The Woman in the White Kimono by Ana Johns
This poignant tale of honour and racism, based on real-life cases of infanticide and abandonment of babies whose eyes were the wrong colour and skin too light, is interspersed with the contemporary strand about an American woman travelling to Japan to investigate her father’s past. This device, with a character uncovering a family secret on the death of a parent, is reminiscent of Madeleine Bunting’s Island Song, and various other novels that don’t so readily come to mind. In most cases, and certainly in this, I’m much more interested in the historical narrative and find the bereaved daughter’s quest weakens the book. Ana Johns’ writing style verges on the melodramatic, so not for me, but seems to have done well on its release earlier this year in the US. Thanks to Legend Press for my review copy.

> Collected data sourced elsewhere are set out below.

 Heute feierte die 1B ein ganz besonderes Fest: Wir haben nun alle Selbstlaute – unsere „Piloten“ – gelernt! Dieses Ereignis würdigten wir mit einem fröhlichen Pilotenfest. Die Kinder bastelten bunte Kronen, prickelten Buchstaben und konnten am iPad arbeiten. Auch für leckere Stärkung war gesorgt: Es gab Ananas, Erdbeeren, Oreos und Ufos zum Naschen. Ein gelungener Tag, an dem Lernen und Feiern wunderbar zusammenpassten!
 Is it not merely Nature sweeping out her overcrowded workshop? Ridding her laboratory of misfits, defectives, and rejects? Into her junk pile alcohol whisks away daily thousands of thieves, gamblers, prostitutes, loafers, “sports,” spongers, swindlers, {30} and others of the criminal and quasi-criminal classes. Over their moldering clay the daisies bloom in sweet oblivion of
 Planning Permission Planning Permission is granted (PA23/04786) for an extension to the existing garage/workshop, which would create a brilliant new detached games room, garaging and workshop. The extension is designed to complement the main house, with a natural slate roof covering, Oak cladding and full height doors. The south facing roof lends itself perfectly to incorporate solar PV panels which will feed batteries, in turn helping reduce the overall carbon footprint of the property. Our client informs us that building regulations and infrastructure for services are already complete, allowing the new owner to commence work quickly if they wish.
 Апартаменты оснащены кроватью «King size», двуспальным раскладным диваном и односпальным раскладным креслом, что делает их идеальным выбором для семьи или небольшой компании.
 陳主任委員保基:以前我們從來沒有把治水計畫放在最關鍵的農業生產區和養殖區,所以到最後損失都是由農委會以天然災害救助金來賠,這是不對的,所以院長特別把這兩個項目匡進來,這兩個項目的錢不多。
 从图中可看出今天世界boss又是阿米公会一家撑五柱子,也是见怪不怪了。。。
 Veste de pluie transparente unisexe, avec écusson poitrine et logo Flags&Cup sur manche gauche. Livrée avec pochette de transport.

Remembered by Yvonne Battle-Felton
Sitting at his bedside in the rundown hospital, Spring relates the story of his origins, and hers. It starts with Ella, a feisty eleven-year-old from a free black family in Pennsylvania, abducted on her way home from church and transported to a Maryland plantation. She’s been brought in for ‘breeding’ purposes: Walker needs more workers but no babies have survived there since Agnes, now fourteen.
While Ella suffers numerous cruelties, including rape, Agnes’ foster mother, along with a coterie of other women, attempts to moderate the damage. But there’s no easy way of preventing more children being born into slavery: what Walker knows as ‘the curse’ is a meticulously orchestrated system of infanticide, suicide and poisonous herbs used as contraception. Nevertheless, both girls become pregnant, one to the girl who will go on to give birth to Edward, on the night they discover they’re free.
This familiar story of institutionalised injustice is given a fresh slant in Yvonne Battle-Felton’s focus on motherhood and the women’s determination to claw back a shred of autonomy within lives bounded by bigots’ whims. Structured around (genuine?) newspaper clippings from the era, with a distinctive voice, I welcomed the subtlety, despite still being unsure as to Edward’s exact motivation at the end. But there’s a strong thread of righteous anger; sometimes protest is the only sane response. Thanks to publishers Dialogue for my review copy.
My flash fiction piece “Return to Paradise”, published by Foliate Oak, also explores plantation life, this time from the perspective of a slave-owner’s son.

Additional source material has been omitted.